Bender 2013: Linguistic Fundamentals for Natural Language Processing (login with McGill credentials for free access)
Question: What are some books books on deep learning for NLP?
Jurafsky and Martin 2019: Speech and Language Processing
Tunstall et al. 2022: Natural Language Processing with Transformers (login with McGill credentials)
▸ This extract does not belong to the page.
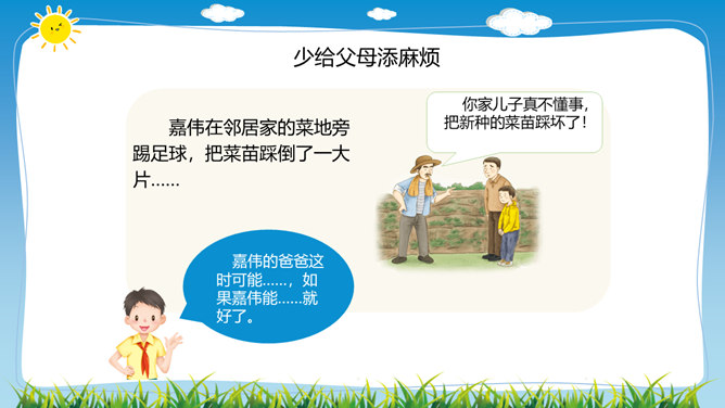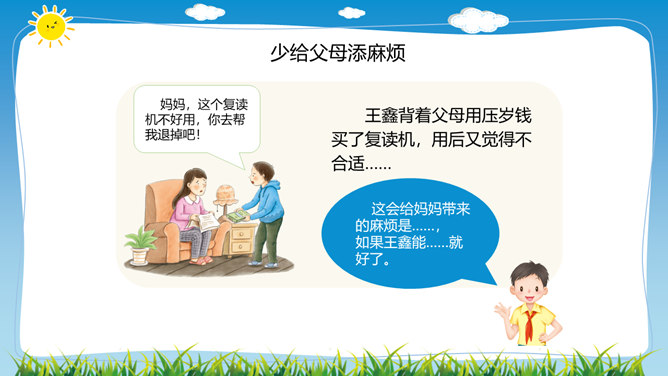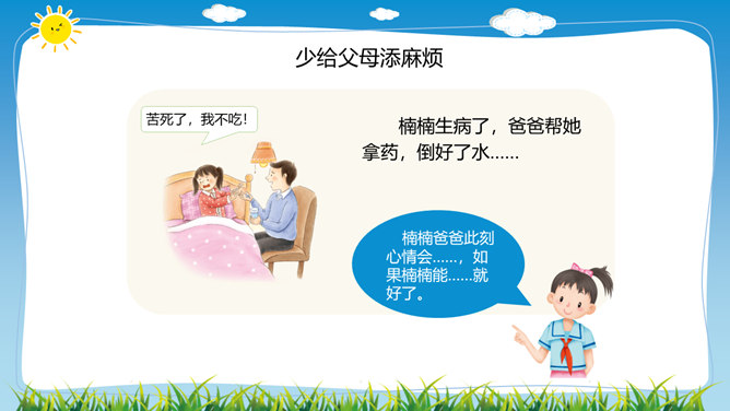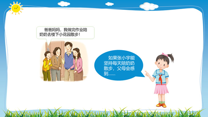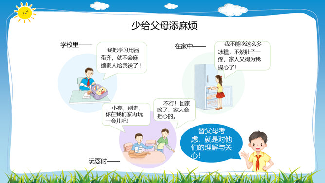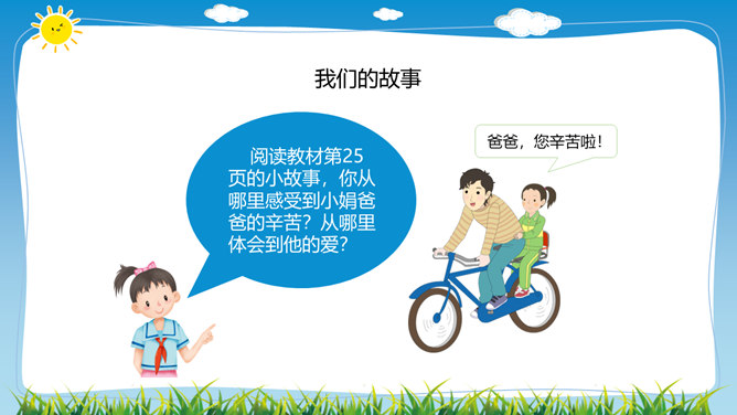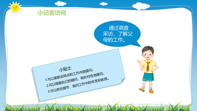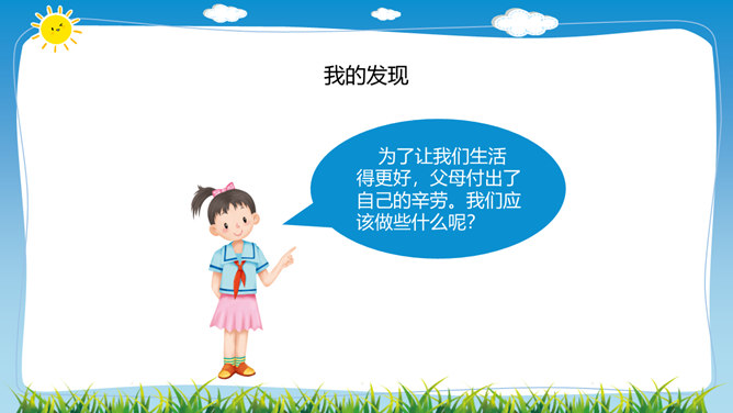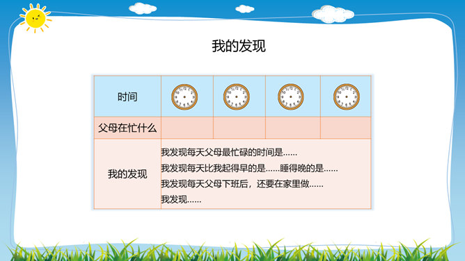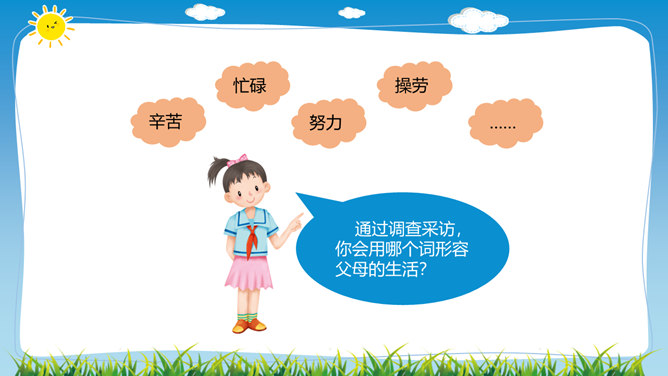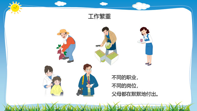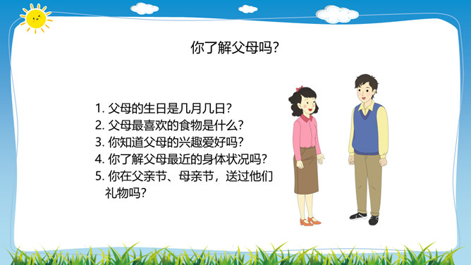 你了解父母吗?1. 父母的生日是几月几日?2. 父母最喜欢的食物是什么?3. 你知道父母的兴趣爱好吗?4. 你了解父母最近的身体状况吗?5. 你在父亲节、母亲节,送过他们礼物吗?活动一:爸爸妈妈多辛苦。不同的职业,不同的岗位,父母都在默默地付出。通过调查采访,了解父母的工作。1.可以就职业特点和工作内容提问。2.可以根据自己的疑问,有针对性地提问。3.可以抓住细节,询问工作中的辛苦和收获。除了这些,父母还要为家中做什么呢?我发现每天父母最忙碌的时间是…… 我发现每天比我起得早的是……睡得晚的是……所属专题:少让父母为我操心ppt。

Eisenstein 2019: Introduction to Natural Language Processing
Goldberg 2017: Neural Network Methods for Natural Language Processing (login with McGill credentials)
Generative AI Policy
If you use any Generative AI tool for your submitted work (e.g., ChatGPT, GitHub Copilot, Claude), you must cite it and submit a detailed statement describing its use as well as a log of the chat where you used it .
You may not use AI tools for:
- Copying AI-generated prose or non-trivial code chunks – this is plagiarism
- Writing whole assignments or code files
- Writing large chunks of an assignment or code
- Using AI without citing it in your assignment
Inappropriate use of Generative AI may result in penalties on grades or referral to disciplinary authorities. If you have any question about appropriate use of AI applications for course work, please contact the instructors in their office hours.
Language of Submission
In accord with McGill University’s Charter of Students’ Rights, students in this course have the right to submit in English or in French any written work that is to be graded.
Academic Integrity
McGill University values academic integrity. Therefore, all students must understand the meaning and consequences of cheating, plagiarism and other academic offences under the Code of Student Conduct and Disciplinary Procedures (see www.mcgill.ca/students/srr/honest/ for more information)
Inclusivity
As the instructor of this course I endeavor to provide an inclusive learning environment. However, if you experience barriers to learning in this course, do not hesitate to discuss them with me or the Office for Students with Disabilities.